Nach dem Willen vieler Staaten soll die Hamas entwaffnet und entmachtet werden. Doch bisher ist sie weiterhin im Gazastreifen präsent und liefert sich blutige Machtkämpfe mit rivalisierenden Clans und Gruppen.

Palästinensische Gebiete Khan Yunis 2025 | Hamas-Kämpfer bewachen Transport befreiter israelischer Geiseln
Hochbewaffnete Hamas-Kämpfer in Gaza sind immer noch präsentBild: Jehad Alshrafi/AP Photo/picture alliance

Die Hamas geht äußerst brutal vor: Angebliche Kriminelle und "Verräter" aus rivalisierenden Clans oder Gruppen werden erschossen oder gehängt - einige der teils in der Öffentlichkeit vollzogenen Exekutionen werden von der Hamas sogar gefilmt und in den sozialen Medien geteilt. Laut unterschiedlichen Berichten wird ihnen seitens Hamas vorgeworfen, teils Morde begangen, teils aber auch für Israel spioniert zu haben.

Nur wenige Tage nach Ende des Krieges im Gazastreifen demonstriert die militant-islamistische, in Deutschland, den USA und mehreren anderen Staaten als Terrororganisation eingestufte Hamas damit weiter ihren Machtanspruch im Gazastreifen.

Über rund 40.000 Kämpfer soll die Miliz laut einem Bericht der israelischen Zeitung Haaretz noch verfügen. Diese zeigen sich nun wieder zunehmend auf den Straßen und Plätzen des Gazastreifens.

Dort gehen sie nicht nur gegen Personen vor, denen sie Kapitalverbrechen oder politische Vergehen vorwerfen. Insgesamt seien Dutzende Personen verhaftet worden, zitiert die israelische Zeitung Jerusalem Post den mit den palästinensischen Autonomiegebieten befassten Journalisten Khaled Abu Toameh. "Man nimmt an, dass viele von ihnen hingerichtet werden", so Toameh.

Zu den bekanntesten Gruppen gehört der Doghmusch-Clan. Der ursprünglich aus der Türkei stammende Familienverband hatte sich im Laufe des 20. Jahrhunderts im Gazastreifen niedergelassen. Dort kontrollierte er schließlich zwei Distrikte. Dem Clan wird Nähe zu der von Mahmud Abbas geleiteten Fatah und Autonomiebehörde nachgesagt. Einem Bericht des arabischen Nachrichtensenders Al-Dschasira zufolge sollen Mitglieder 2006 an der Entführung des israelischen Soldaten Gilad Shalit beteiligt gewesen sein. Die Hamas und der Doghmush-Clan bekämpfen sich dennoch bereits seit vielen Jahren.
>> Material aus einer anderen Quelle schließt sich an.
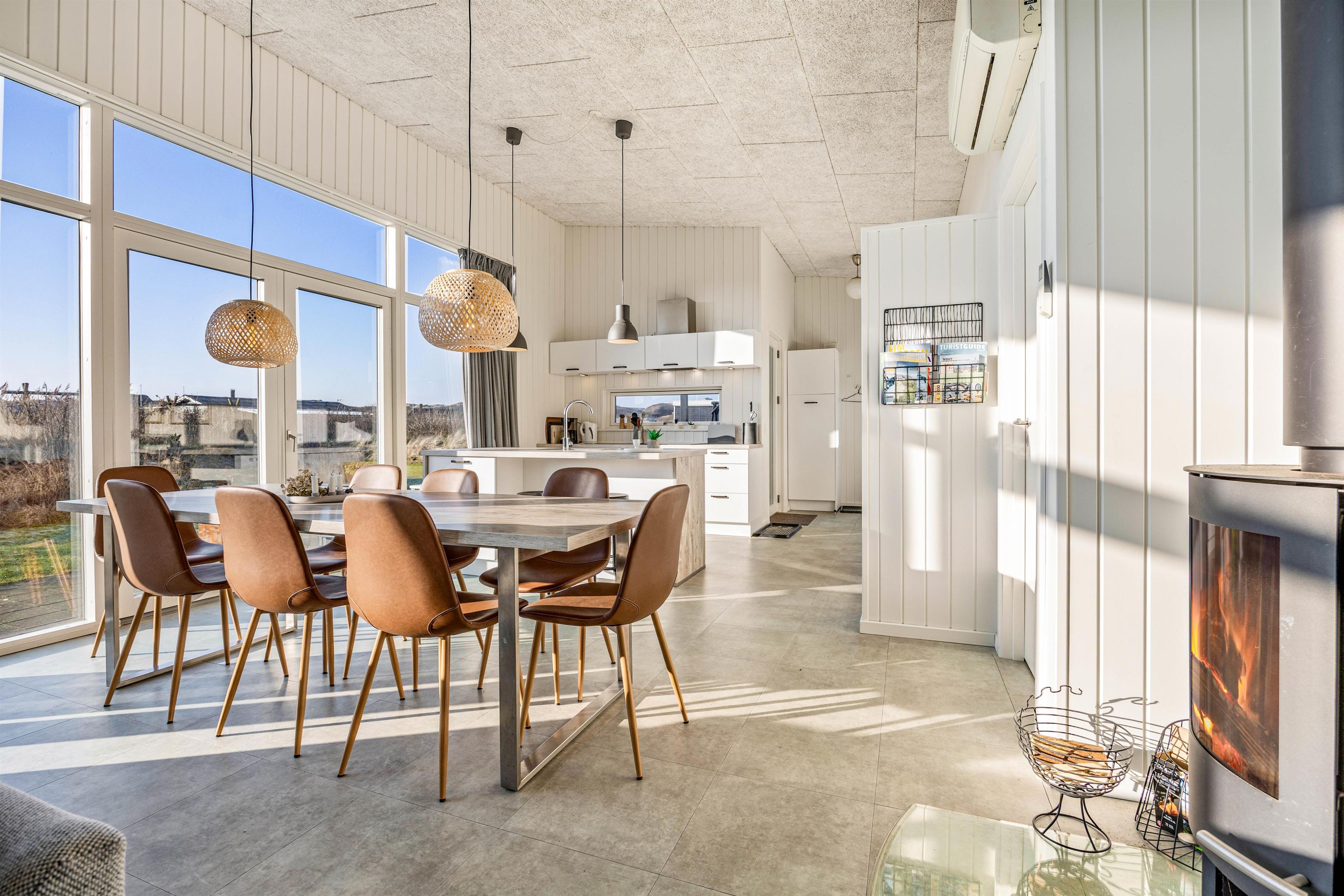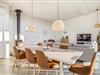 Det veludstyrede køkken-alrum ligger i åben forbindelse med stuen, hvor store vinduespartier skaber et behageligt og naturligt lysindfald. Mens nogle tilbereder måltider, kan andre hygge sig med brætspil ved spisebordet, uden at I går glip af samværet. Stuen er udstyret med en brændeovn, der både giver varme og skaber ægte sommerhusstemning. Alternativt kan I tænde for den energibesparende luft-til-luft varmepumpe, som sikrer et behageligt indeklima året rundt.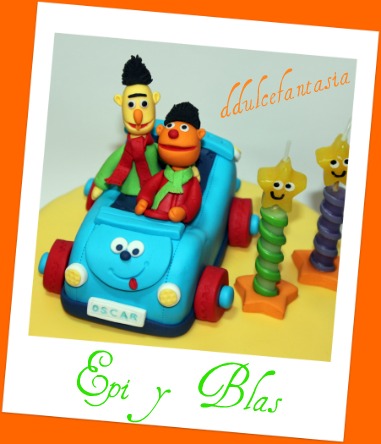 Si, como veis aquí estamos otra vez con estos personajes,justamente hace un año que hicimos la primera,ademas para el mismo peque,su mama Lola nos volvió a pedir una tarta para su cumple y la quería igual,ya que el año pasado Oscar era muy pequeñito y apenas se dio cuenta.Convencí a Lola, que aunque fuera de la misma temática se la haríamos con un diseño distinto para no repetir.Se me ocurrió hacerle un cochecito y la idea le gusto mucho ya que a Oscar le encantan los coches y como su color preferido es el azul pues ahí lo tenéis. Como nos gusta las tartas de lo mas peques,por su colorido y la fantasía con la que puedes imaginar.Que os parece el cochecito? esta hecho sobre un trozo de porexpan tallado poco a poco,que menuda se forma con tantas virutas de corcho,jajajaja que parece que nieva en mi casa.Los muñecos y el coche están hecho con pasta de modelar. Y de otra manera distinta reflejamos otros amiguitos de Epi y Blas. El bizcocho de vainilla relleno de smb de nuttela y almíbar de chocolate.Gracias Lola una vez mas por confiar en nosotros. Aun no me lo creo que ya seamos mas de 400 seguidores y como estamos tan contentos vamos hacer un sorteo de todos los regalitos que veis en la foto.El magnifico libro de Helen Penman con el que aprenderéis a tornear y dar formas a los bizcochos para las tartas en 3d, un juego de 8 herramientas estupendas que tanto nos ayuda a la hora de modelar y hacer flores,incluso a decorar las tartas y una pala-base para tartas maravillosa para el traslado de nuestros bizcochos y tartas.Espero que os guste, para optar a ellos,os hara falta estas cuatro cositas:1-Ser seguidor@ de nuestro blog.2-Dejar un comentario en esta entrada,con tu E-mail para ponernos en contacto con vosotr@s.3-Pinchar en el logo de facebook o aquí y darle a me gusta en la foto del sorteo.4-Llevarte la foto del sorteo y publicarlo en algún ladito de tu blog o facebook.El sorteo lo haremos el día 31 de Diciembre y así despediremos el año con todos vosotr@s. Gracias de todo corazón a tod@s por seguirnos ,por estar en los momentos buenos y malos.Es un gran aliciente saber que estáis ahí, nos ayudáis y motiváis muchísimo.Pediros perdón, si, últimamente entramos poco en vuestros blogs, por motivos personales que nos han absorbidos mucho tiempo.Un beso muy fuerte : Flora y Jesús.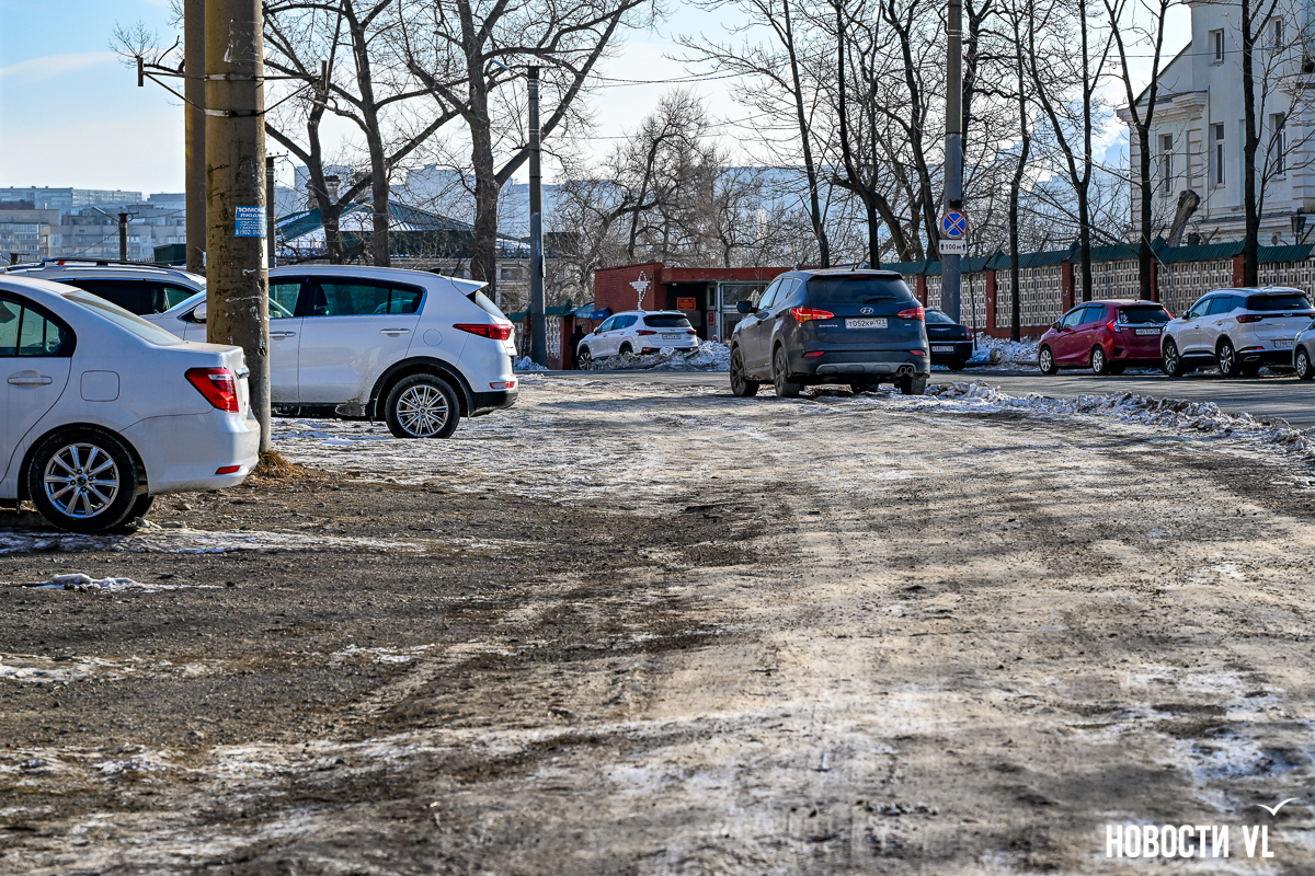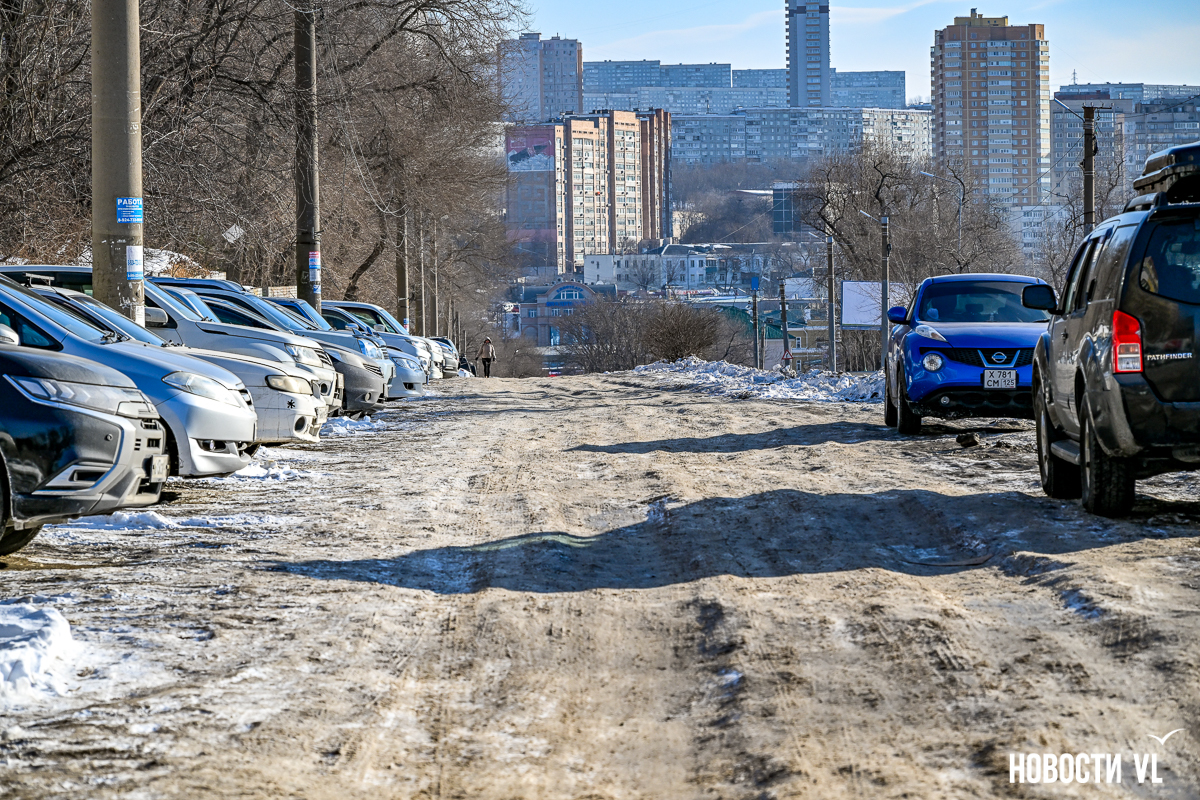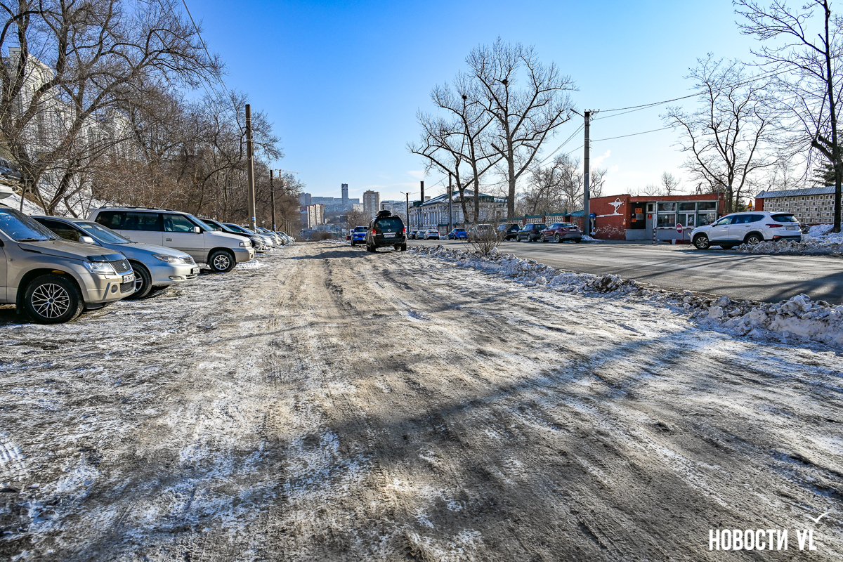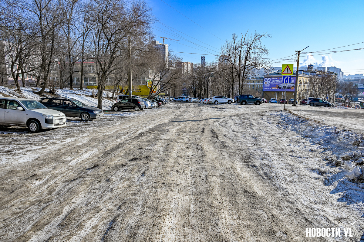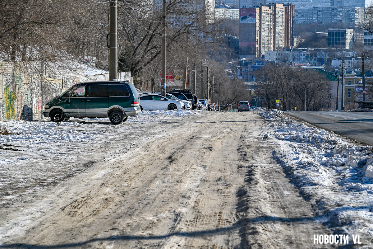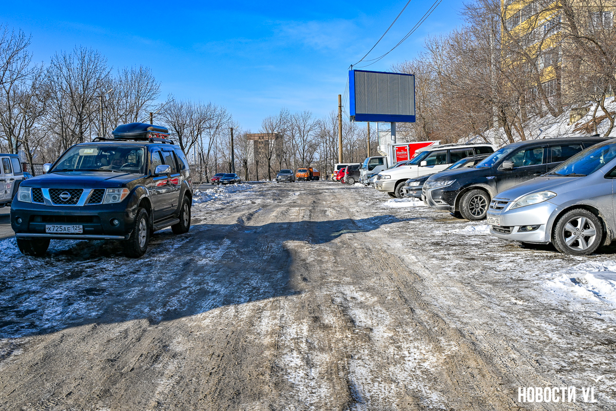 Трамвайные рельсы в этом месте, от Луговой до Гайдамака, сняли в 2012 году. С тех пор лысый земляной пятак под завязку занят автомобилями. Плюс посетители госпиталя ТОФ, он через дорогу. «Госпитальники», по словам местных жителей, выстраиваются и вдоль проезжей части - а трафик здесь жёсткий, весь день пробки.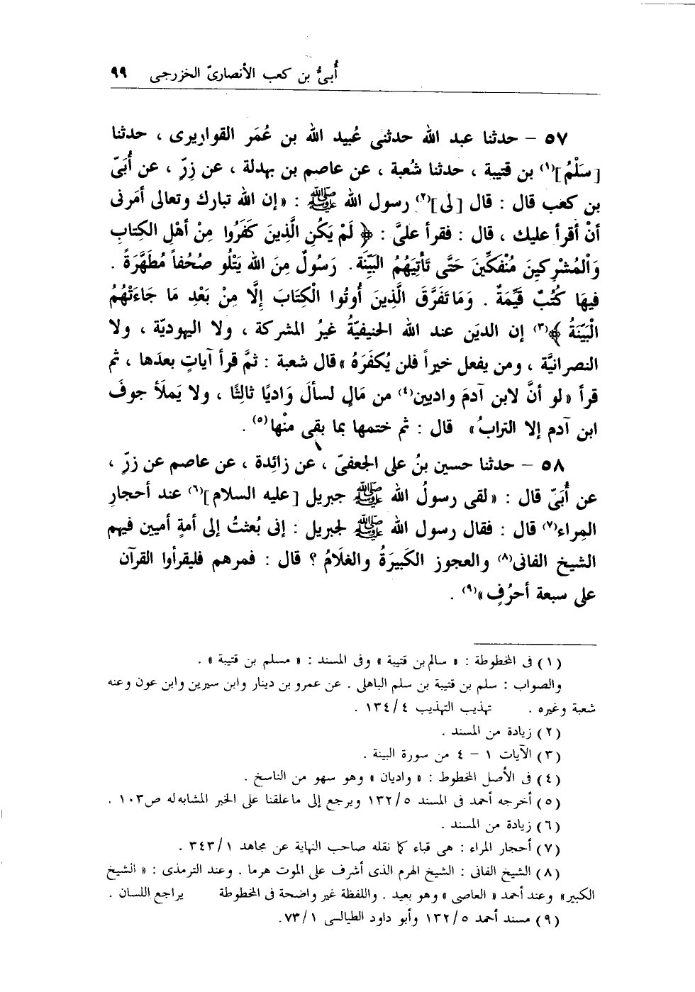 بن قتيبة، حدثنا شُعبة، عن عاصم بن بهدلة، عن زرٍّ، عن أُبَي بن كعب قال: قال [لي] (¬2) رسول الله - صلى الله عليه وسلم -: (إن الله تبارك وتعالى أمرني أن أقرأ عليك، قال: فقرأ عليَّ: {لَمْ يَكُنْ الَّذِينَ كَفَرُوا مِنْ أَهْلِ الْكِتَابِ وَالْمُشْرِكِينَ مُنفَكِّينَ حَتَّى تَأْتِيَهُمْ الْبَيِّنَةُ رَسُولٌ مِنْ اللَّهِ يَتْلُوا صُحُفًا مُطَهَّرَةً فِيهَا كُتُبٌ قَيِّمَةٌ وَمَا تَفَرَّقَ الَّذِينَ أُوتُوا الْكِتَابَ إِلاَّ مِنْ بَعْدِ مَا جَاءَتْهُمْ الْبَيِّنَةُ} (¬3) إن الدين عند الله الحنيفيةُ غيرُ المشركة، ولا اليهودية، ولا النصرانية، ومن يفعل خيراً فلن يُكفرهُ) قال شعبة: ثمَّ قرأ آياتٍ بعدها، ثم قرأ (لو أنَّ لابن آدم واديين (¬4) من مالٍ لسأل وادياً ثالثاً، ولا يملأ جوف ابن آدم إلا الترابُ) قال: ثم ختمها بما بقي منْها (¬5) .

Neben der Doghmusch-Familie sind weitere Clans in Machtkämpfe mit der Hamas verwickelt. Zu diesen zählt auch der Abu-Schabab-Clan. Dieser entstammt einer beduinischen Gruppe im Süden des Gazastreifens. Die Hamas wirft ihm vor, mit Israel zusammenzuarbeiten. Der Abu-Schabab-Clan bestreitet das. Einem Bericht der Zeitung Times of Israel zufolge hat die Regierung unter Benjamin Netanjahu die Gruppe mit Waffen unterstützt. Netanjahu selbst bestätigte dies laut der Zeitung.

Hamas-Kämpfer bei der Freilassung israelischer Geiseln am 13.10.2025Bild: Bashar Taleb/AFP/Getty Images

Wie weiter mit der Hamas?

Auch angesichts der innerpalästinensischen Gewalt stellt sich die Frage, wie es mit der Hamas weitergeht. Dem Trump-Plan zufolge soll die Miliz vollständig entwaffnet werden. Aber so weit ist es offenbar noch lange nicht.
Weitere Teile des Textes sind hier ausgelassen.